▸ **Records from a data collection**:
::::::::::

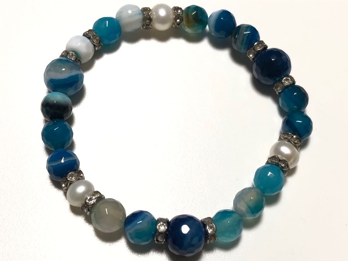 - ブルーレースアゲート バロック真珠 18.5g ブレスレット【検/縞瑪瑙】
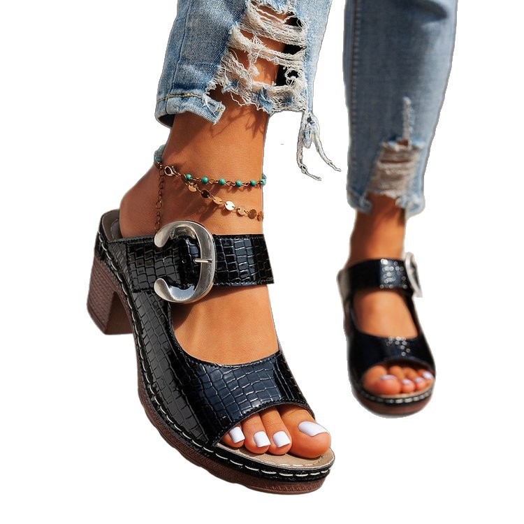 Женские летние босоножки на толстом каблуке, большие размеры, для трансграничной внешней торговли, модные, повседневные, с открытым носком.
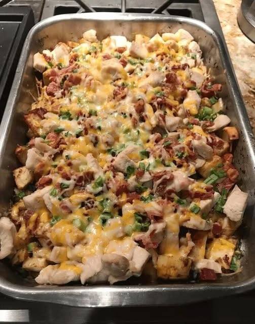 Spread evenly in the bottom of a 9ร13 dish or serving platter.
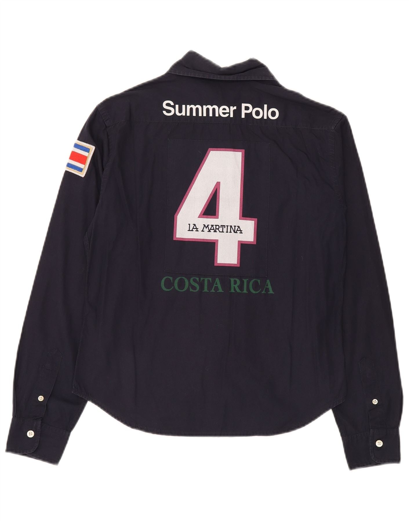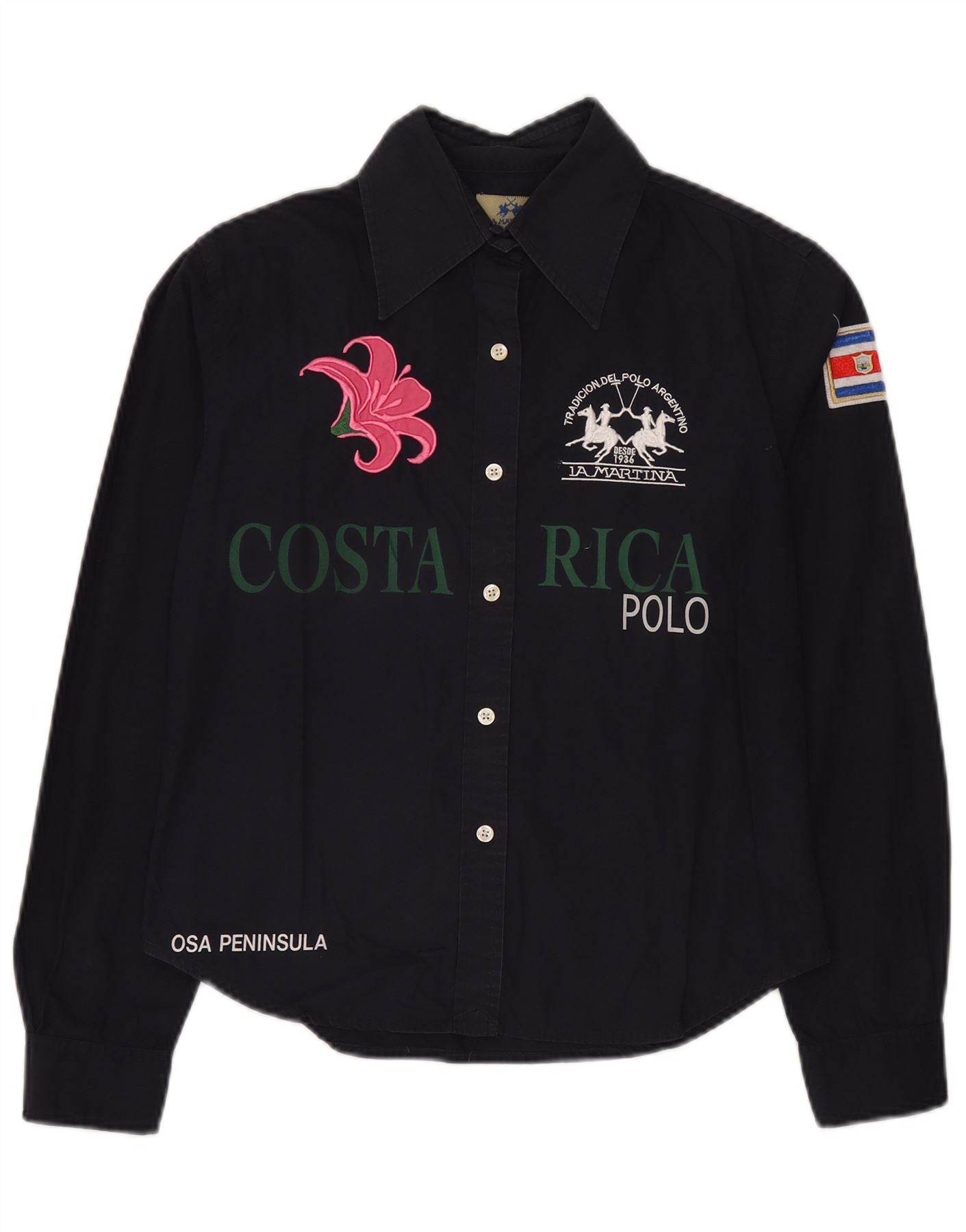 LA MARTINA Womens Graphic Shirt UK 16 Large Navy Blue Cotton
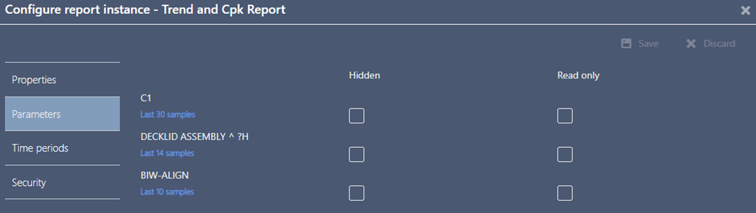 The Parameters tab becomes active. All available report parameters are loaded and any previously configured parameter values are shown. There is a read-only check-box for each parameter in the Parameters tab.
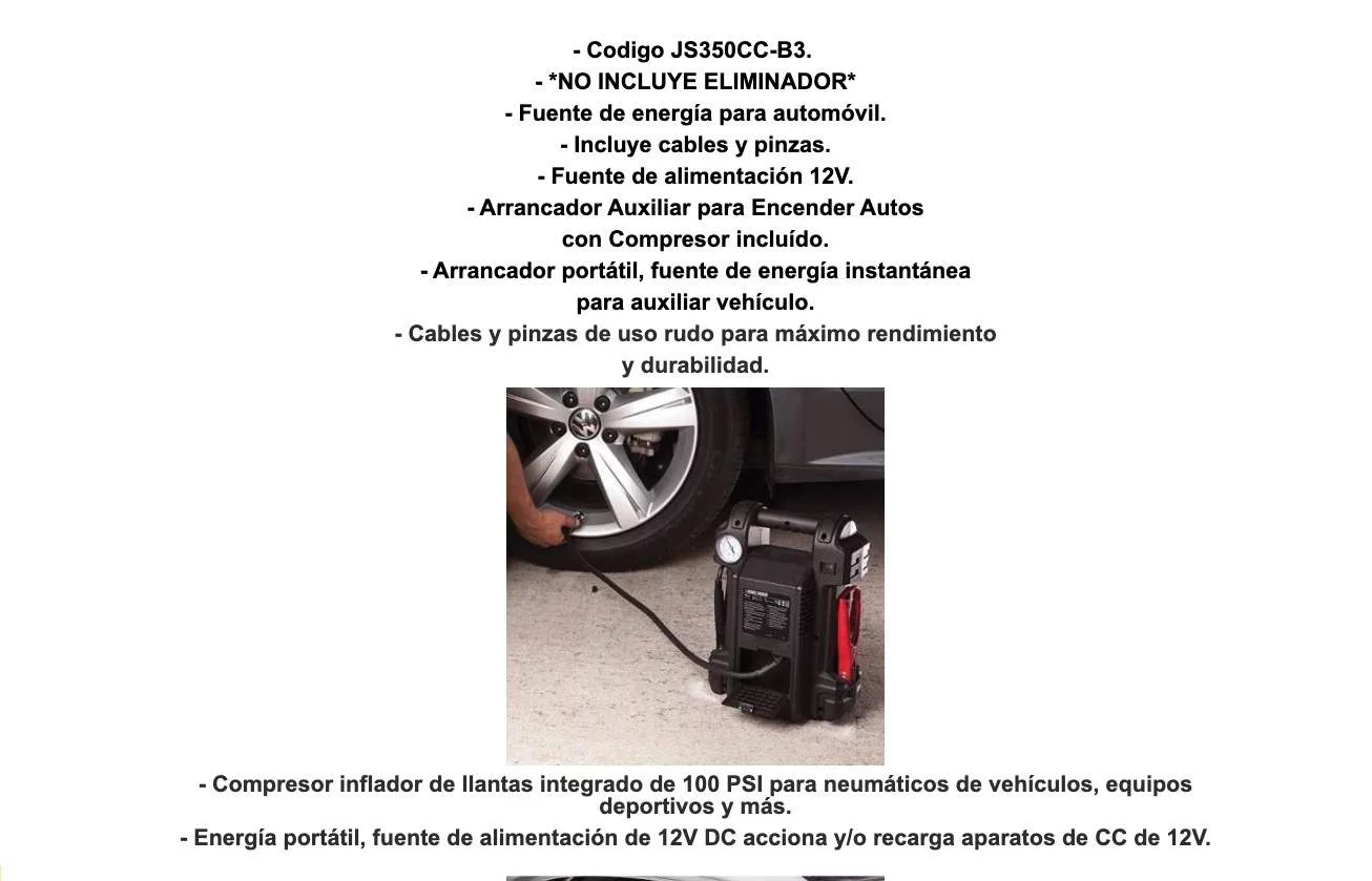 -Arrancador Auxiliar para Encender Autos con Compresor incluido.

::::::::::

▸ **Task goal**: From the line containing "The Parameters tab becomes" through the last line of the entries, copy each line exactly and only those, skipping all pictures.

▸ **Task answer**:
 The Parameters tab becomes active. All available report parameters are loaded and any previously configured parameter values are shown. There is a read-only check-box for each parameter in the Parameters tab.
 -Arrancador Auxiliar para Encender Autos con Compresor incluido.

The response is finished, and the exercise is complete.